China isn't showing bots because the Tor clients there, without pluggable transports, can't reach the Tor network.

So, the botnet's (assuming it is a botnet of course) nodes in China are being censored. Same with Iran.

But Israel?

And again, it seems way too even otherwise. Proportionate to internet users, you'd expect a huge signal from Russia, and not much from the UK and Vatican city, say, but that's not the case.

Perhaps it was a Tor research project. But I'm sure that someone would have already mentioned that, even if nothing has yet been published. Also, 40K clients would be nontrivial for a research project, even using VMs. And conversely, infecting and cleaning 40K random machines would also be nontrivial.

This spike in Israeli Tor users only shows up in the beta estimates. Perhaps it's just an artifact in the beta estimates.

40K is indeed small relative to many millions. Even so, creating 40K clients during 2013-02-15 through 2013-02-19, and removing them again during 2013-02-23 through 2013-02-25, was an impressive feat.

Perhaps it was a pilot test, or another much smaller botnet.

Anonymous

September 05, 2013

Permalink

Problem with some of these defenses is that they would deny legitimate research on the live net.

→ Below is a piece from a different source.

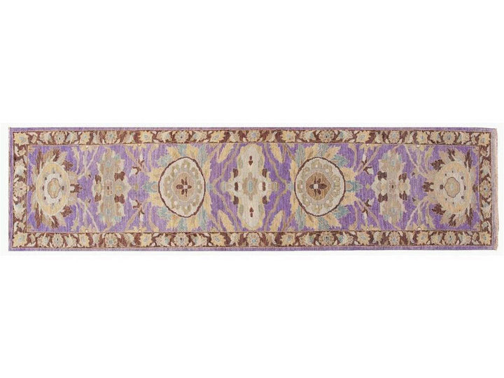 A beautiful 21st century modern Persian Sultanabad, a hand-knotted runner with a purple field, and multi-color accents in all-over floral design.

Or even something as simple as polling onions for uptime.

Anonymous

September 05, 2013

Permalink

FBI-Skynet-
The raid on FreedomHost -Aug 5- when they left a weaponized exploit to Firefox users running Windows systems - maybe the code has morph into an Tor-net with a little help - Timing is everything - my 2 cents

Seems unlikely that it's related, especially since it looks like this botnet has been around in some form since 2009.

That said, I admit that these days every time I call something a crazy conspiracy theory, it's increasingly turning out to be true. :)

Anonymous

September 05, 2013

Permalink

If the botnet admin decides to push a button to make his bot to start tx/rx data, can he take the whole Tor network down?